*Problem:*
Restate word for word the entries below, starting with the line with "A curious penguin" and continuing through the line with "Kavat sandal for". Include both of those lines and no others.

*Records for the task:*
^^^^^^^^

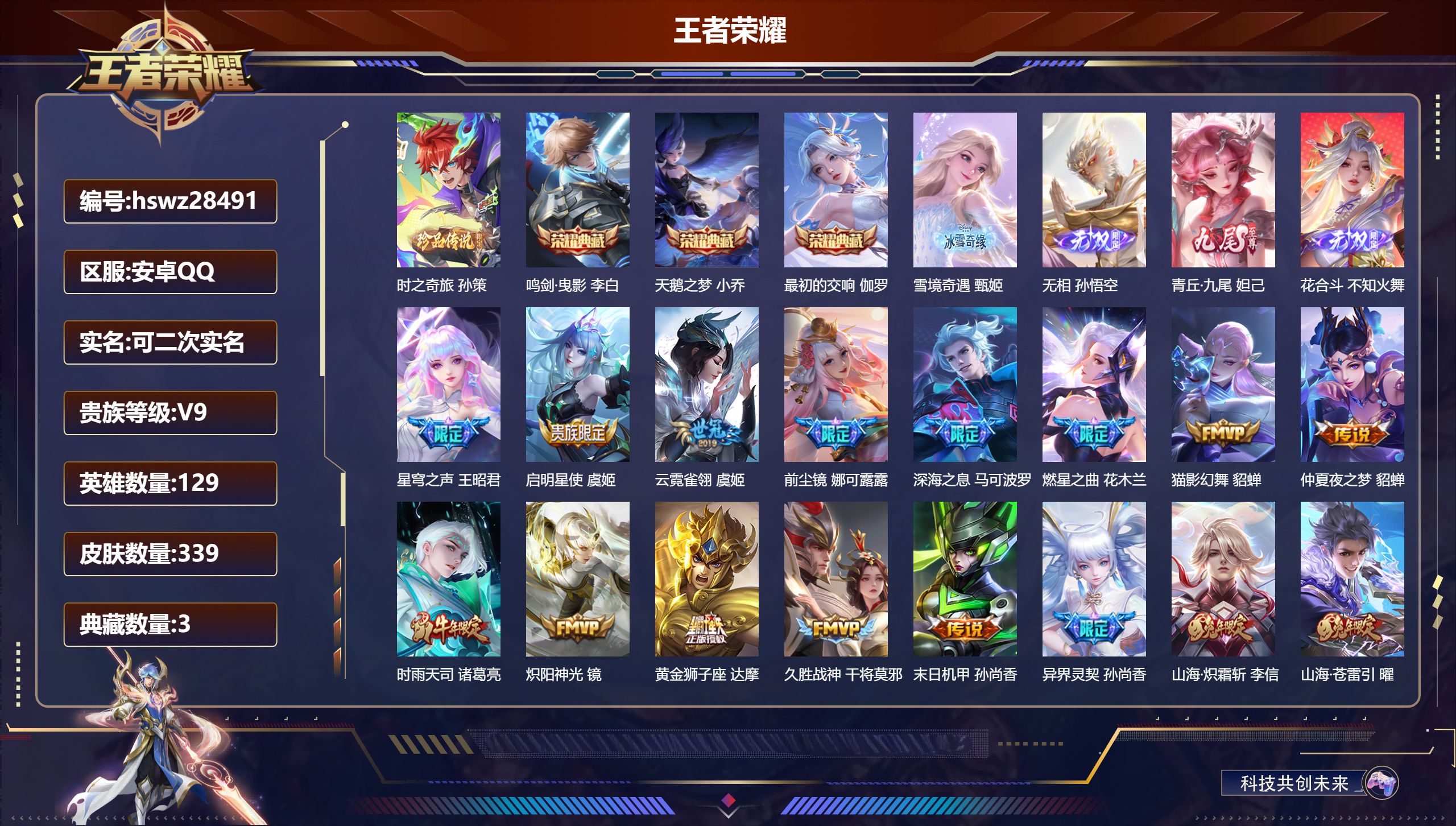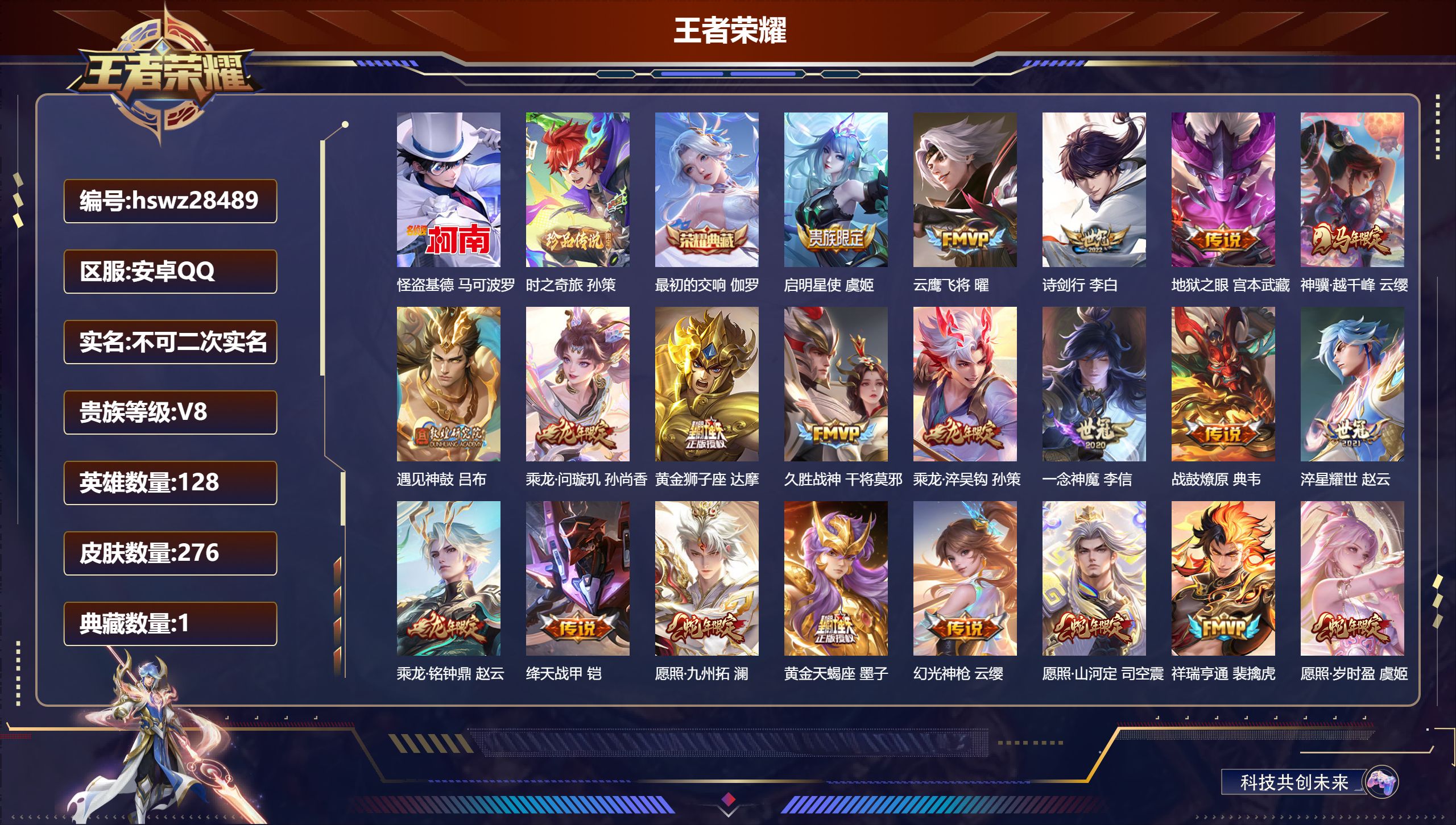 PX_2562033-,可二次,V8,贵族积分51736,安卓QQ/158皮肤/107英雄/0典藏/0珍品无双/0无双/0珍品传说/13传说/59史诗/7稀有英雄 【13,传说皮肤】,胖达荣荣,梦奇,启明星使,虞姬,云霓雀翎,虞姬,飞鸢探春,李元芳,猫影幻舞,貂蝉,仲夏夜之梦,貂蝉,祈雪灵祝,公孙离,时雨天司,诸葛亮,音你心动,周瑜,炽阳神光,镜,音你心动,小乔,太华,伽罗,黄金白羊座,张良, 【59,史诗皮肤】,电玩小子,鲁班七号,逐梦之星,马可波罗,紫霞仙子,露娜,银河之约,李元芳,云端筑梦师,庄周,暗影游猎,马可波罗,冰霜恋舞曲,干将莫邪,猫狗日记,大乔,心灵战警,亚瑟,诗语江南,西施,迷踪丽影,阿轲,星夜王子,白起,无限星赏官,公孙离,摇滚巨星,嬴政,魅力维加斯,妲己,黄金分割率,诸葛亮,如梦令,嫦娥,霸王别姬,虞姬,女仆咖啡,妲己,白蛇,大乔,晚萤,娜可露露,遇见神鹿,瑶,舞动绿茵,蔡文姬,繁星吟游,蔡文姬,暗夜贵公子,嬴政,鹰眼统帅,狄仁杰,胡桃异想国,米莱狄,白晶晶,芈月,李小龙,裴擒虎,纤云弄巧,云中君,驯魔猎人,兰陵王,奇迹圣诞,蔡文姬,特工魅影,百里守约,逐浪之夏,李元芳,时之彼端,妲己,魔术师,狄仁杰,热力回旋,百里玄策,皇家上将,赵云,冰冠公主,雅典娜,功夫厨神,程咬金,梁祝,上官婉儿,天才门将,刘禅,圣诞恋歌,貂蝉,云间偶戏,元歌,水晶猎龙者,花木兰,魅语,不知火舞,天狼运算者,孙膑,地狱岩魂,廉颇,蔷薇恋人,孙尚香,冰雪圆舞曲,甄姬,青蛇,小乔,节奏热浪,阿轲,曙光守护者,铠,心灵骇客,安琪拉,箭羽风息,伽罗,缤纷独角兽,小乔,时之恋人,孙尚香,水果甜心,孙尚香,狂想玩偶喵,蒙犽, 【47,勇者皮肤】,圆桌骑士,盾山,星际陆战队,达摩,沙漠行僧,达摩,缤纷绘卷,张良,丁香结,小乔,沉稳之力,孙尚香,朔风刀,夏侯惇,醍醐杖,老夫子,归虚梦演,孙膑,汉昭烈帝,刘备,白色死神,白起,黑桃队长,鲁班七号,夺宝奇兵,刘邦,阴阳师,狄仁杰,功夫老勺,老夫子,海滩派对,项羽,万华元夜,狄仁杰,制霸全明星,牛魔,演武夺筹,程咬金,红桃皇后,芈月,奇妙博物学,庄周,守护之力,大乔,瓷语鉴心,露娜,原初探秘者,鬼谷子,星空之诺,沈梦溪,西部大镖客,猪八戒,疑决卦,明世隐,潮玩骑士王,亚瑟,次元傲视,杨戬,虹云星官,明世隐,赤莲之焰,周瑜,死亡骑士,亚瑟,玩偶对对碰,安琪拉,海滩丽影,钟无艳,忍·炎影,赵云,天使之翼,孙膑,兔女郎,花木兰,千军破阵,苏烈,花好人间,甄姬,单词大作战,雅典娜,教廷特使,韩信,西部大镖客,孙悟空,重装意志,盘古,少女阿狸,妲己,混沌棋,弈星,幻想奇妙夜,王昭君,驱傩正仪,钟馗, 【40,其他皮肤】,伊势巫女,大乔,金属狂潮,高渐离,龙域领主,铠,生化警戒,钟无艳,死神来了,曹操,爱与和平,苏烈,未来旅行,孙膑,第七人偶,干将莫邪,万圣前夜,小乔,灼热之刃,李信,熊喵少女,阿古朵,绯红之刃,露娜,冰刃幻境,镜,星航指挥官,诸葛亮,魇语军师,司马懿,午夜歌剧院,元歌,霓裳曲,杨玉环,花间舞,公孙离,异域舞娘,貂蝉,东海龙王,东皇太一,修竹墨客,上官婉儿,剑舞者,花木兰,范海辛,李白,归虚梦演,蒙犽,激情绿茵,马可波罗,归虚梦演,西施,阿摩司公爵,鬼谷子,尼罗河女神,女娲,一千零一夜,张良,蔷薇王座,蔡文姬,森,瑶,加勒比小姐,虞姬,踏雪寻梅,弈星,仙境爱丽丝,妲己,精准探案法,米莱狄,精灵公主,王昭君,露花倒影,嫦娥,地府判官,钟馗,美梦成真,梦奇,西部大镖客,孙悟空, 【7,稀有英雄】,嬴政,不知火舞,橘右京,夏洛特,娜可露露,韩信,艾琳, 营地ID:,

^^^^^^^^

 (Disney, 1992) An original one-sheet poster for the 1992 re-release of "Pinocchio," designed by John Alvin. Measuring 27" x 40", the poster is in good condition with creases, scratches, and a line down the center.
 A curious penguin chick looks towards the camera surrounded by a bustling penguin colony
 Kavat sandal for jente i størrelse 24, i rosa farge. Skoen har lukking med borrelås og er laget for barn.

^^^^^^^^

*Written answer:*
 A curious penguin chick looks towards the camera surrounded by a bustling penguin colony
 Kavat sandal for jente i størrelse 24, i rosa farge. Skoen har lukking med borrelås og er laget for barn.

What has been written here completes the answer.